### INFORMATION PROVIDED
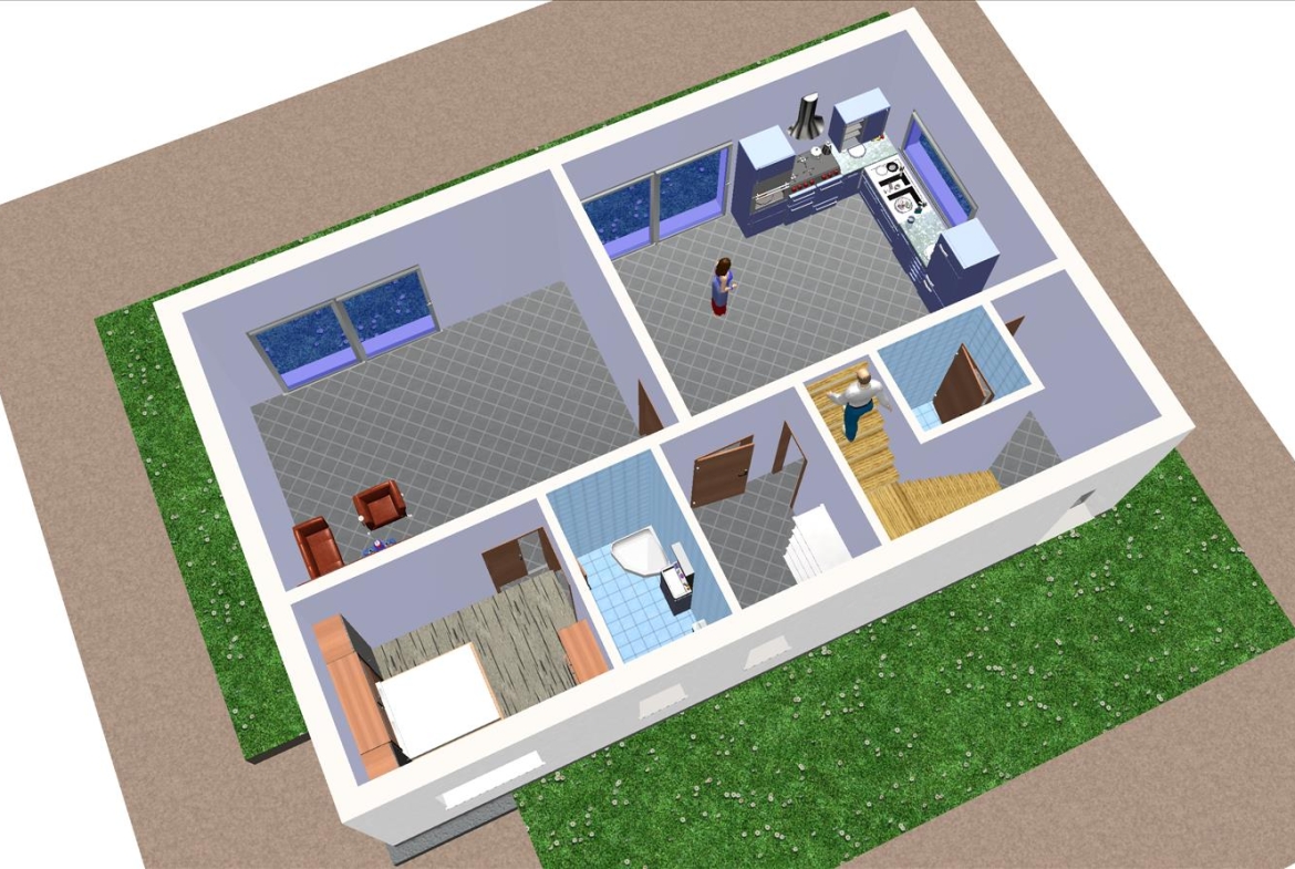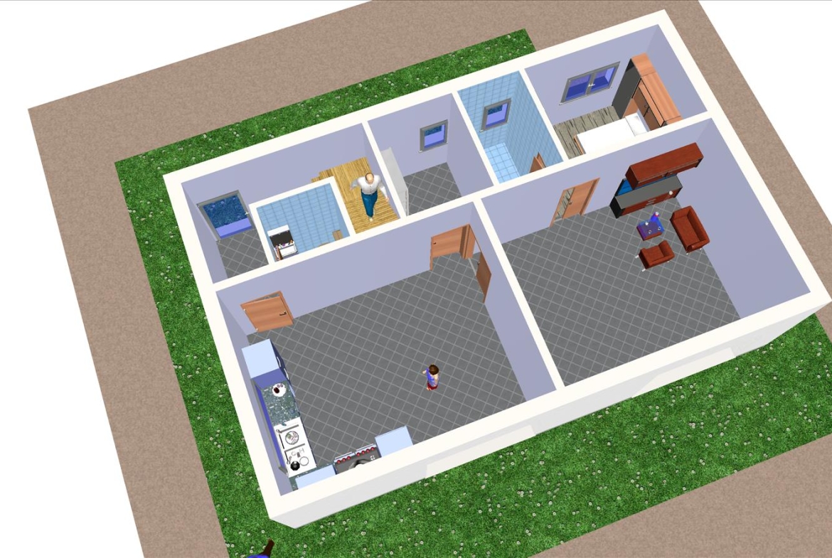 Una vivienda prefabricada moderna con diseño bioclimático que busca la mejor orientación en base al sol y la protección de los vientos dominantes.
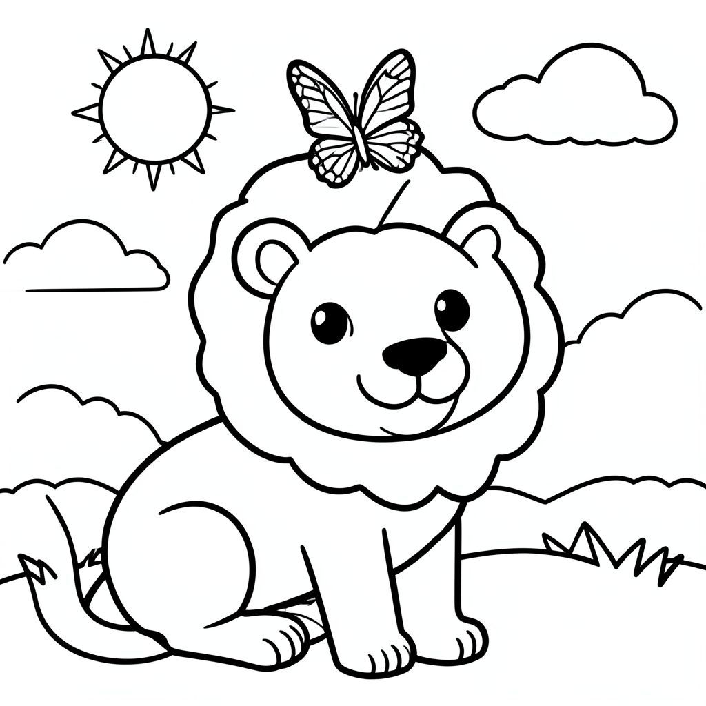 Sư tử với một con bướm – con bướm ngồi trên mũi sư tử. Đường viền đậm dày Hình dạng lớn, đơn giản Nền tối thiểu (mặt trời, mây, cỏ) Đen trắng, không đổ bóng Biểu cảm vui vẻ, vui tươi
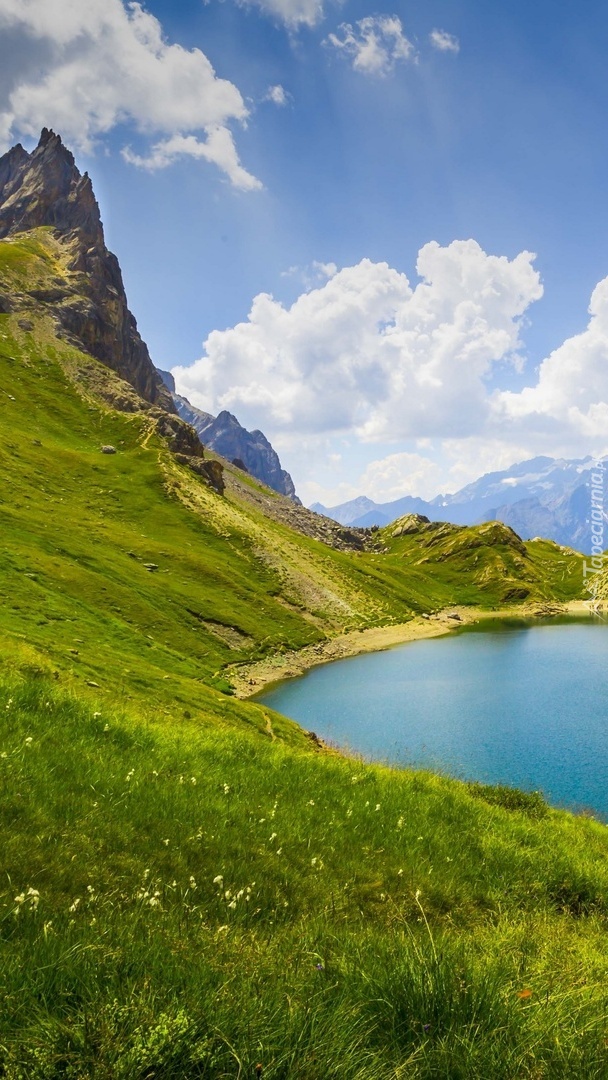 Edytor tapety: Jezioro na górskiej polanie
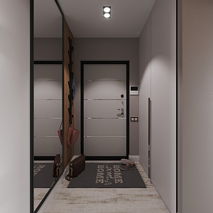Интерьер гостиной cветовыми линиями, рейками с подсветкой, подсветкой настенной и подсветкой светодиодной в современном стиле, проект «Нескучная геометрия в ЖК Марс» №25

### WHAT YOU SHOULD DO
Set the listing down in full and exactly. Pictures within it should not appear in the copy.

### TASK RESPONSE
 Una vivienda prefabricada moderna con diseño bioclimático que busca la mejor orientación en base al sol y la protección de los vientos dominantes.
 Sư tử với một con bướm – con bướm ngồi trên mũi sư tử. Đường viền đậm dày Hình dạng lớn, đơn giản Nền tối thiểu (mặt trời, mây, cỏ) Đen trắng, không đổ bóng Biểu cảm vui vẻ, vui tươi
 Edytor tapety: Jezioro na górskiej polanie
Интерьер гостиной cветовыми линиями, рейками с подсветкой, подсветкой настенной и подсветкой светодиодной в современном стиле, проект «Нескучная геометрия в ЖК Марс» №25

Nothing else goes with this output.